PROBLEM TO WORK ON = The expected output is an exact copy of each line from the line with "Our Christmas Tree" through the end of the data below, with no pictures in it.
* * * *
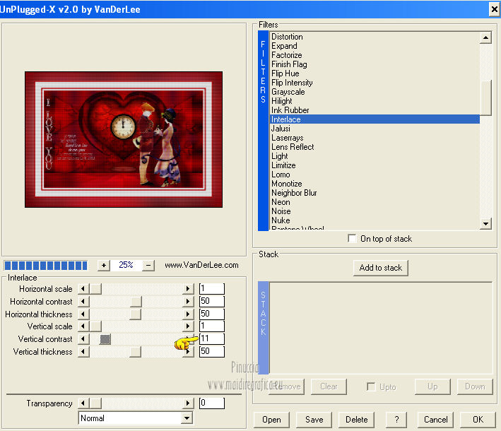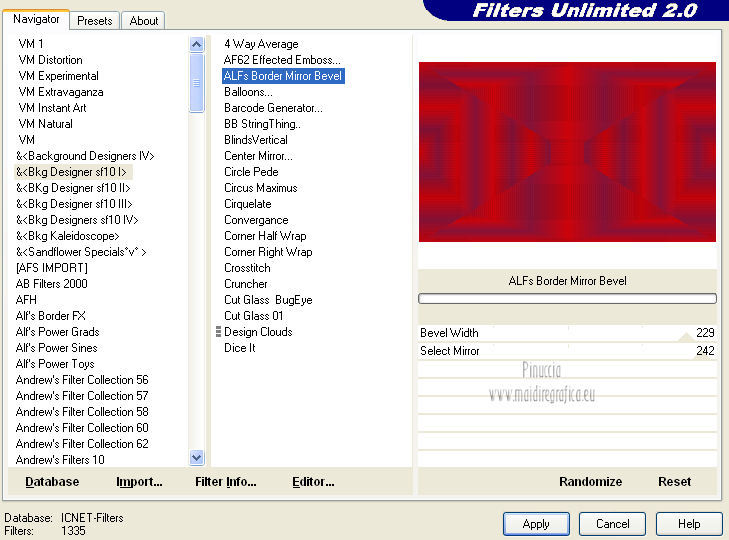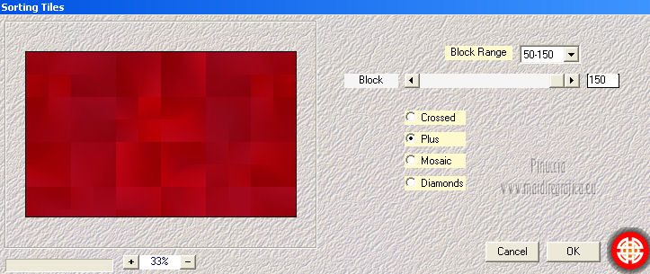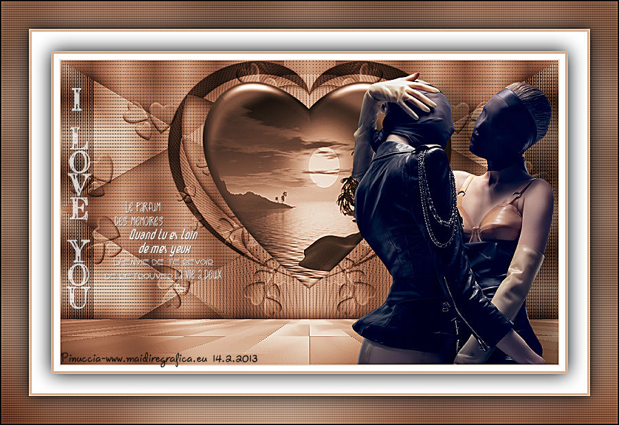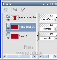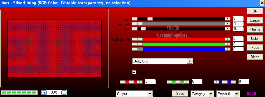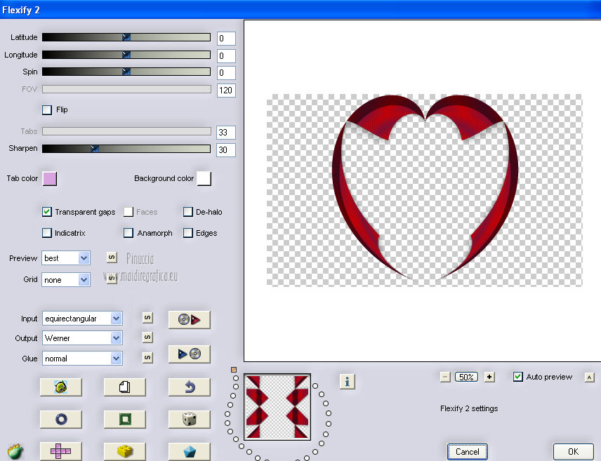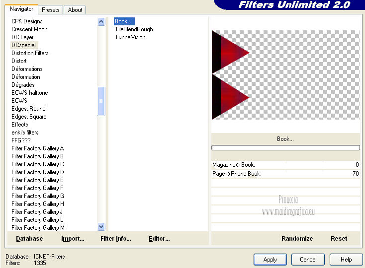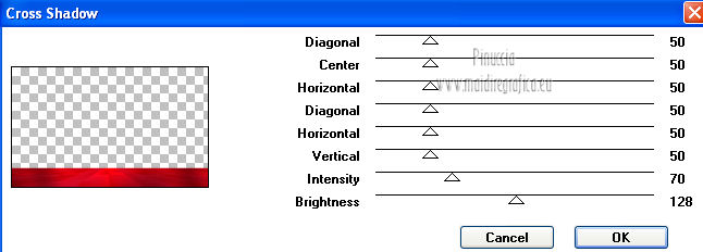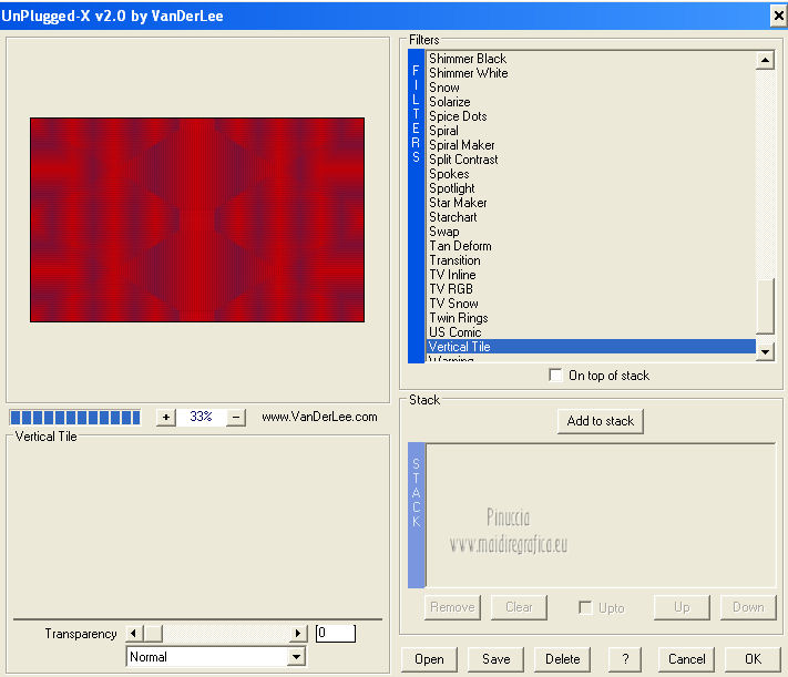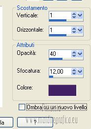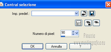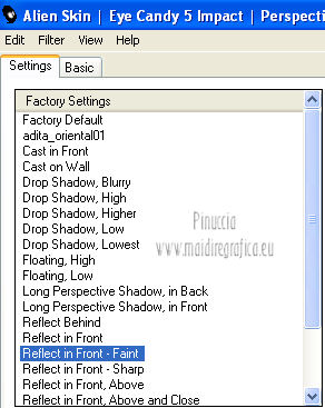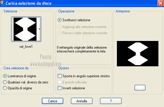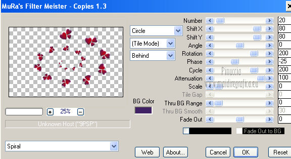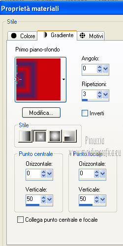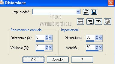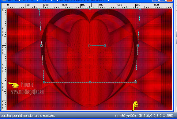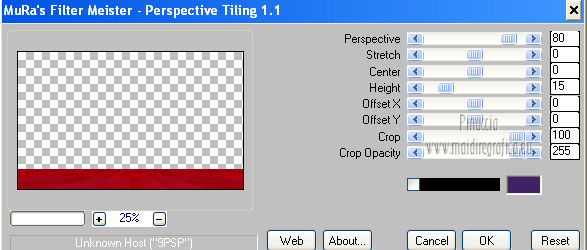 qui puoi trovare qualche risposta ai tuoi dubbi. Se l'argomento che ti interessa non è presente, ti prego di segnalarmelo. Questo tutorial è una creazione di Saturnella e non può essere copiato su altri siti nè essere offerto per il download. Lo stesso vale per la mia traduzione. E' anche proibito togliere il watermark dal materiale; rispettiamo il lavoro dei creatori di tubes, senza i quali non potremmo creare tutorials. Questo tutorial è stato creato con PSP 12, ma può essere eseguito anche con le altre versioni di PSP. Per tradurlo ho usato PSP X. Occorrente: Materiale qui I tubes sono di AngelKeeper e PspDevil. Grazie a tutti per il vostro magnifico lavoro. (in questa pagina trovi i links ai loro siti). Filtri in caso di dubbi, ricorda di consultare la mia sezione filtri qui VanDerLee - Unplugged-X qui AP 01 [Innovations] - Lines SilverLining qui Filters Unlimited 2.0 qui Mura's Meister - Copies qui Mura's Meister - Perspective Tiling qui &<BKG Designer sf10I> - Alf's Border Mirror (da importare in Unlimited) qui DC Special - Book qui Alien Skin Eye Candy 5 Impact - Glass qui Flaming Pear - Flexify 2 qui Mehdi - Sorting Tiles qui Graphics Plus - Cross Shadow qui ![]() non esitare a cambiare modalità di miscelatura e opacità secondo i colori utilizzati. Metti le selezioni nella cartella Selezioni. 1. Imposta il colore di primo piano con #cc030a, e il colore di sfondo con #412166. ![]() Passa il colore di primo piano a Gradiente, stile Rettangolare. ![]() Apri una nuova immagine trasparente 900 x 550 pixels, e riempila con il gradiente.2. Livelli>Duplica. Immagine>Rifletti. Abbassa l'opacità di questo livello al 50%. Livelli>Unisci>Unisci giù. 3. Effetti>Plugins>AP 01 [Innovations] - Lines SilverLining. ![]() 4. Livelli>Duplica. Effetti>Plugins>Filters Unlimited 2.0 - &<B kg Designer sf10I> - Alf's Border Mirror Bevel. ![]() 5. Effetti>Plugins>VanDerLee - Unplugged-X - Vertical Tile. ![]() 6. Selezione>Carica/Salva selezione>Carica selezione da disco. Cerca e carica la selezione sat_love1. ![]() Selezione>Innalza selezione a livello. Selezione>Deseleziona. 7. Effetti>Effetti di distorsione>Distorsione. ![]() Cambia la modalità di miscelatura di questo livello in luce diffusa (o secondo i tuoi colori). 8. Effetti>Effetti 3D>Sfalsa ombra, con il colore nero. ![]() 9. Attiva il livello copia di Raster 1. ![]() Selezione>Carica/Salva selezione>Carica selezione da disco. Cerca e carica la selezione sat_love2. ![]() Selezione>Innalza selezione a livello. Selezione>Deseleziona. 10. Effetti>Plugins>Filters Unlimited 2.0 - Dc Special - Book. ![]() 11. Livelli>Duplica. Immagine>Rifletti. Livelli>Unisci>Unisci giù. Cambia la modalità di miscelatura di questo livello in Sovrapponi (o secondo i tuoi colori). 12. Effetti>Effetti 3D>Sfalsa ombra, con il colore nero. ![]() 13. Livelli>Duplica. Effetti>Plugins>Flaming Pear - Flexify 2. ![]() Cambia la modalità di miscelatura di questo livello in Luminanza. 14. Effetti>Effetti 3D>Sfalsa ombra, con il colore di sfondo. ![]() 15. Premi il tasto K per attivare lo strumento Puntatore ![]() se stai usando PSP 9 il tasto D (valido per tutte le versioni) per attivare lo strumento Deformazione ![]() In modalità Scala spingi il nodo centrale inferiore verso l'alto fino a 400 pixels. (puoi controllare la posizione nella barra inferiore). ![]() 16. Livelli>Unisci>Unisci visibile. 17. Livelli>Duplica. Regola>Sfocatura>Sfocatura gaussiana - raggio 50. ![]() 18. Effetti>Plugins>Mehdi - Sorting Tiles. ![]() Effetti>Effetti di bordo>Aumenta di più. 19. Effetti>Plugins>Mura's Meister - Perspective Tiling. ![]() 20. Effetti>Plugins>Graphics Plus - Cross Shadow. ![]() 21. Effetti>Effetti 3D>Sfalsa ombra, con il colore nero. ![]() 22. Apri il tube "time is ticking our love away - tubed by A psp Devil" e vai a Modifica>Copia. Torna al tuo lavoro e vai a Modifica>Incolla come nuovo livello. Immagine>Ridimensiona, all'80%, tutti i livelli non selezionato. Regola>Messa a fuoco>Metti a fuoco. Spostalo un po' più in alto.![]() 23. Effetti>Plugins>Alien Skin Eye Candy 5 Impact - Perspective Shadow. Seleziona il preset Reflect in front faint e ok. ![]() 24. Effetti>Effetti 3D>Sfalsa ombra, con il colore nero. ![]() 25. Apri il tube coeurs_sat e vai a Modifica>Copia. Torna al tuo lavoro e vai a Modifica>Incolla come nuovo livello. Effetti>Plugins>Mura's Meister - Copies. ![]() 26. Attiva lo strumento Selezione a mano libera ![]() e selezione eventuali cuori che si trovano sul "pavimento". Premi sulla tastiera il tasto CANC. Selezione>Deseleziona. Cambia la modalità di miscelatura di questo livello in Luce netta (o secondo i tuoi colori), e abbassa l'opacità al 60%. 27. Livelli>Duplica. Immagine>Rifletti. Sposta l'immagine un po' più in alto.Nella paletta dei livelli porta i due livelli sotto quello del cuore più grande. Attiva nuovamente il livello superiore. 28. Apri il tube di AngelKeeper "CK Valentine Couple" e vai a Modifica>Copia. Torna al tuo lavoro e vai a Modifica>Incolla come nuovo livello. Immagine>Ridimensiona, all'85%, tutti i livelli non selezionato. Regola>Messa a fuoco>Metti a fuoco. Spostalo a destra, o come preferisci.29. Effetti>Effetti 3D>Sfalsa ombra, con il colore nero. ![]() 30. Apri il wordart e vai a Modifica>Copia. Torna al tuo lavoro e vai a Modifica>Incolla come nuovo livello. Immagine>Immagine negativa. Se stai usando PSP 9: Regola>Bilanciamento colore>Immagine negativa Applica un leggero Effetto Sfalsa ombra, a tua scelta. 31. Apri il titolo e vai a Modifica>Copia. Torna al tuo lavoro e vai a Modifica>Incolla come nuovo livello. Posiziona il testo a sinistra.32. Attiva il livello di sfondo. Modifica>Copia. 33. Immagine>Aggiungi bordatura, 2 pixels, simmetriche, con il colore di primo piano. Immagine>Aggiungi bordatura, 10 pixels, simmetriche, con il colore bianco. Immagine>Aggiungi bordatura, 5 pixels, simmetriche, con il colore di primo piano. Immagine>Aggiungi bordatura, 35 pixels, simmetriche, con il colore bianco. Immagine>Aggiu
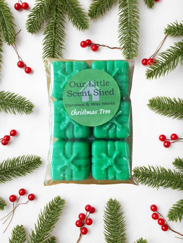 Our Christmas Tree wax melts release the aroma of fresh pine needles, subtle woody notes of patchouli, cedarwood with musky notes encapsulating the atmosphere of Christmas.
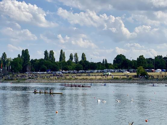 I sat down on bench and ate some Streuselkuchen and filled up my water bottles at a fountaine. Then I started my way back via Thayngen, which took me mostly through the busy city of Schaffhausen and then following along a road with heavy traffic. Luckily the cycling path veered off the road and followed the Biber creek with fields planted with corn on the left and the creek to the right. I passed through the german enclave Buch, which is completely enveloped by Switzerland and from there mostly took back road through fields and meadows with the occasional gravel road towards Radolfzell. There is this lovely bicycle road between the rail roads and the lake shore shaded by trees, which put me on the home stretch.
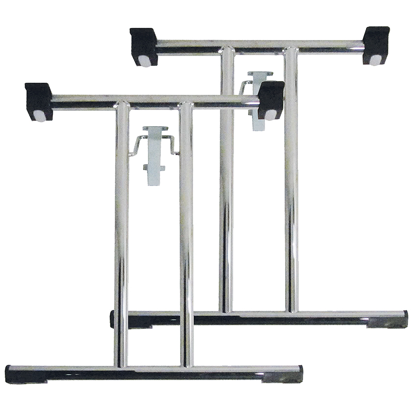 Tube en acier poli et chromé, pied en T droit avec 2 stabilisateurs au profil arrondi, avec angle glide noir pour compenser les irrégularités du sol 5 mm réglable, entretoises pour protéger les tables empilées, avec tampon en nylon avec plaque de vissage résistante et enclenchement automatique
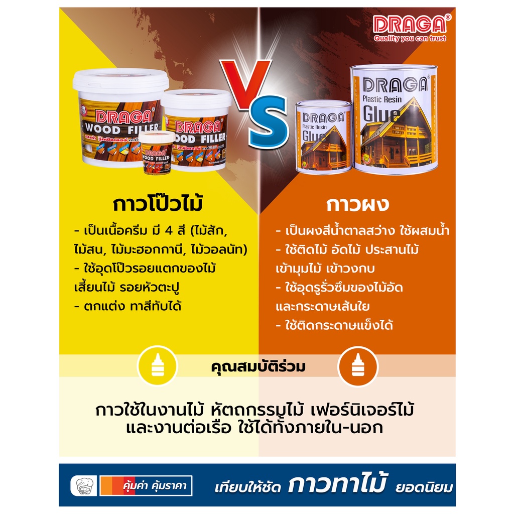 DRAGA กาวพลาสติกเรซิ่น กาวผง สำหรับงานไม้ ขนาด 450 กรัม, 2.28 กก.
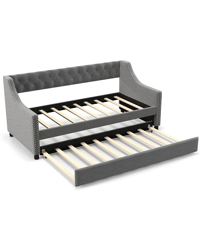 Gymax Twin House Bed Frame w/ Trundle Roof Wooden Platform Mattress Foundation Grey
* * * *
FINAL ANSWER =
 Our Christmas Tree wax melts release the aroma of fresh pine needles, subtle woody notes of patchouli, cedarwood with musky notes encapsulating the atmosphere of Christmas.
 I sat down on bench and ate some Streuselkuchen and filled up my water bottles at a fountaine. Then I started my way back via Thayngen, which took me mostly through the busy city of Schaffhausen and then following along a road with heavy traffic. Luckily the cycling path veered off the road and followed the Biber creek with fields planted with corn on the left and the creek to the right. I passed through the german enclave Buch, which is completely enveloped by Switzerland and from there mostly took back road through fields and meadows with the occasional gravel road towards Radolfzell. There is this lovely bicycle road between the rail roads and the lake shore shaded by trees, which put me on the home stretch.
 Tube en acier poli et chromé, pied en T droit avec 2 stabilisateurs au profil arrondi, avec angle glide noir pour compenser les irrégularités du sol 5 mm réglable, entretoises pour protéger les tables empilées, avec tampon en nylon avec plaque de vissage résistante et enclenchement automatique
 DRAGA กาวพลาสติกเรซิ่น กาวผง สำหรับงานไม้ ขนาด 450 กรัม, 2.28 กก.
 Gymax Twin House Bed Frame w/ Trundle Roof Wooden Platform Mattress Foundation Grey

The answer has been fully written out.